In the realm of kashrut, yad soledet bo is significant because it is at this temperature that a liquid, a food item or a utensil used for food preparation begins to transfer its “flavor.” Since no transference takes place in cold mixtures, a cold dairy spoon placed in cold leftover chicken soup will not be affected in the same way as a cold dairy spoon placed in a hot chicken soup or a hot spoon placed in a cold chicken soup (or hot into hot). – Please note that there are other ways that “flavor” can be transferred (be careful with pungent or spicy foods and sauces!).
On Shabbat, recognizing the temperature of yad soledet bo is important because of the prohibition of cooking on Shabbat. While one may place a liquidy food near a source of heat to take off the chill or warm it to room temperature, causing it to reach yad soledet bo would be considered cooking. – Again, please note that this is a simplified summary.

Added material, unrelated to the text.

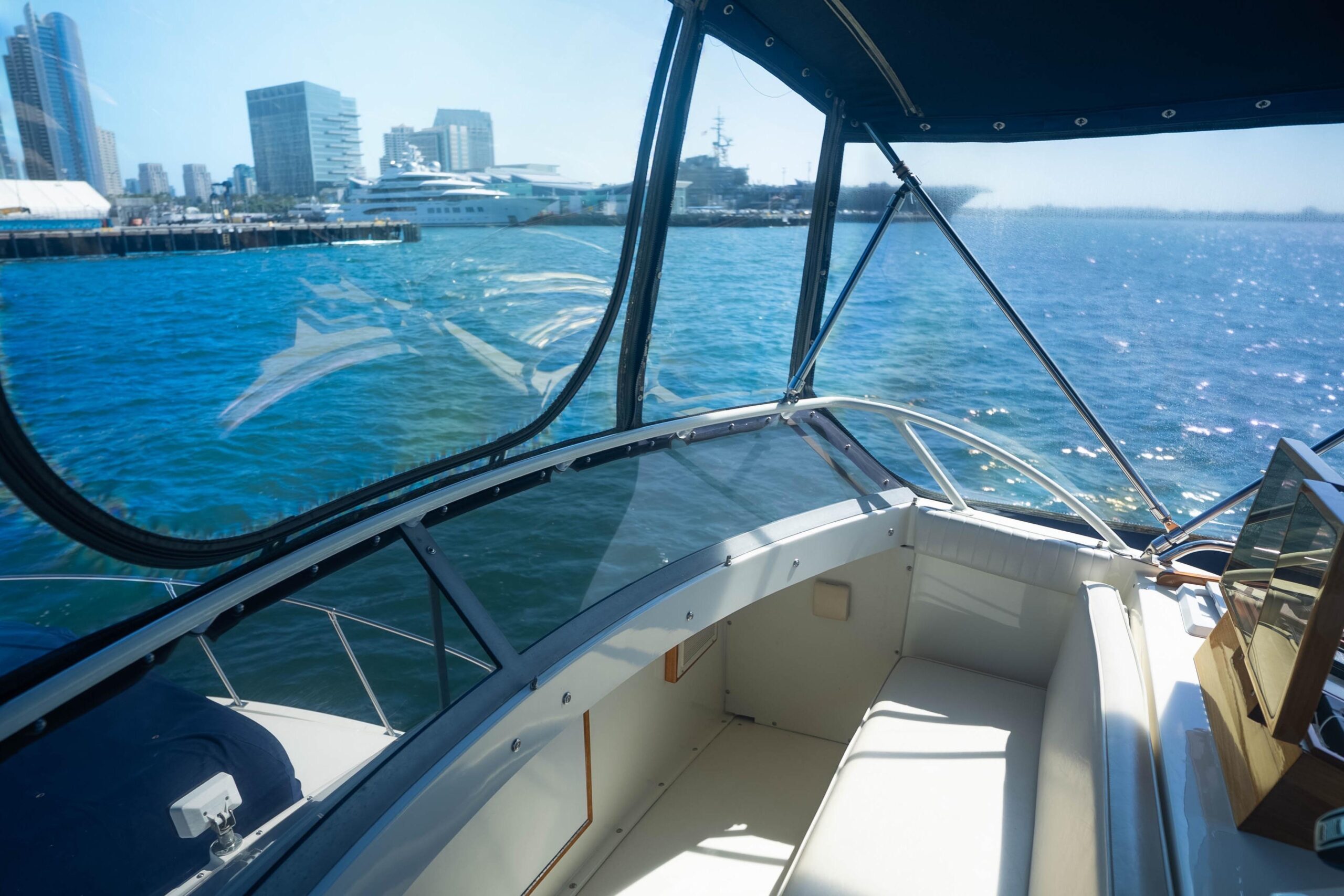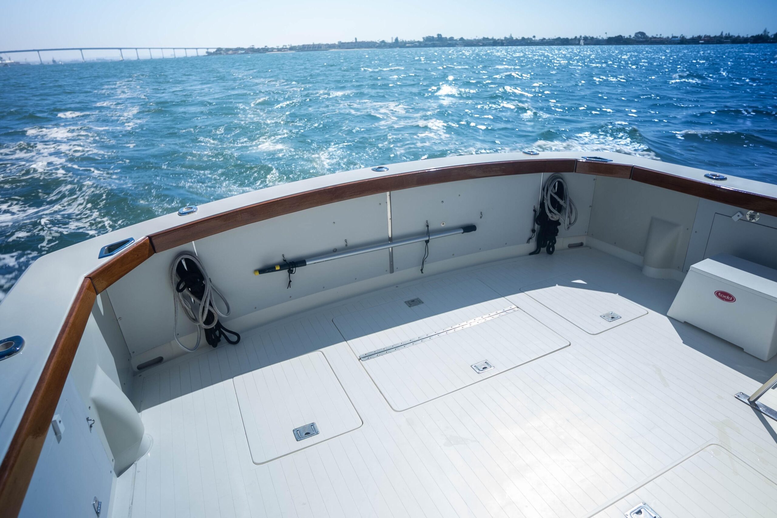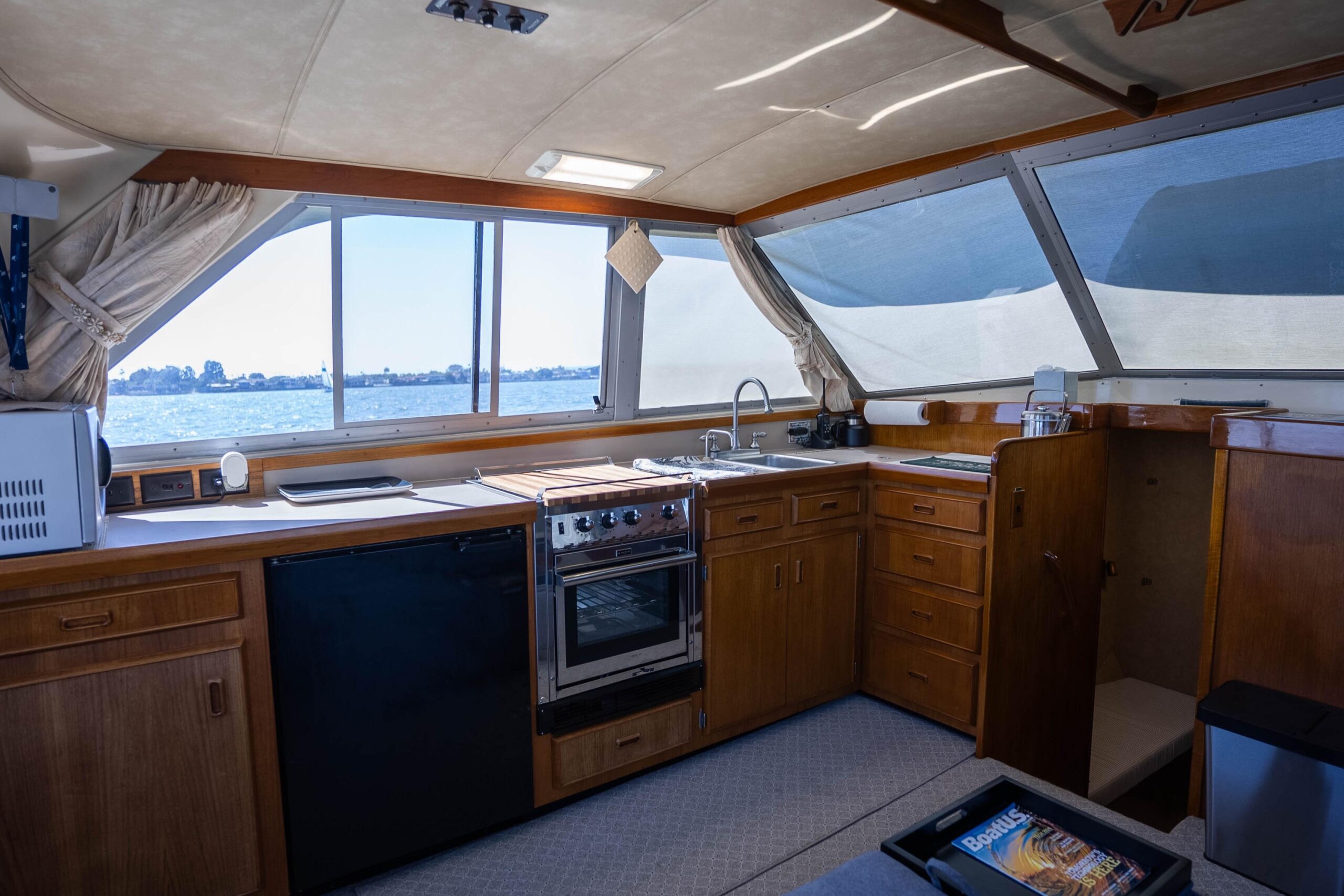 Introduced in 1970 and remaining in production for the next 15 years, only a handful of boats in her class approached the Bertram 35 Convertible in owner popularity. She was the recipient of many updates and modifications during her long production run, and used models remained in demand for many years after the last hull was delivered in 1986. While many owners enjoyed the Bertram 35 as a versatile family cruiser, sheu2019s most at home as a fishing boat where her large cockpit and precise handling qualities are most appreciated. Below, there are accommodations for four in the 35u2019s cozy interior where the galley is to port in the salon and the head has a separate stall shower. In 1981 the MK II model came out with an updated flybridge layout, and the following year the original vinyl-over-plywood cockpit sole was replaced with a fiberglass soleu2014a big improvement since the plywood tended to rot. In 1984 teak cabinets and trim replaced the original wood grain mica decor. 300hp Cats (23u201324 knots cruise) were among the most popular engines for the 35 in her era.

Because of the significance of yad soledet bo, rabbis have continually attempted to define it, especially as the need to withdraw one’s hand is extremely subjective. The Talmud (Shabbat 40b) defined it as being hot enough to scald the skin of a baby’s abdomen. Later sages, having ways to actually measure temperature, have expressed a range of opinions from 110 degrees (43 Celsius) to 160 degrees (71 C). The wide range of definition allows one to be stringent in both how hot a cold item becomes or how low the temperature on an item that was yad soledet bo must be to be considered to have cooled off.
NOTE: As with all Treats dealing with halacha (points of Jewish law), one should consult one's local rabbi for practical application.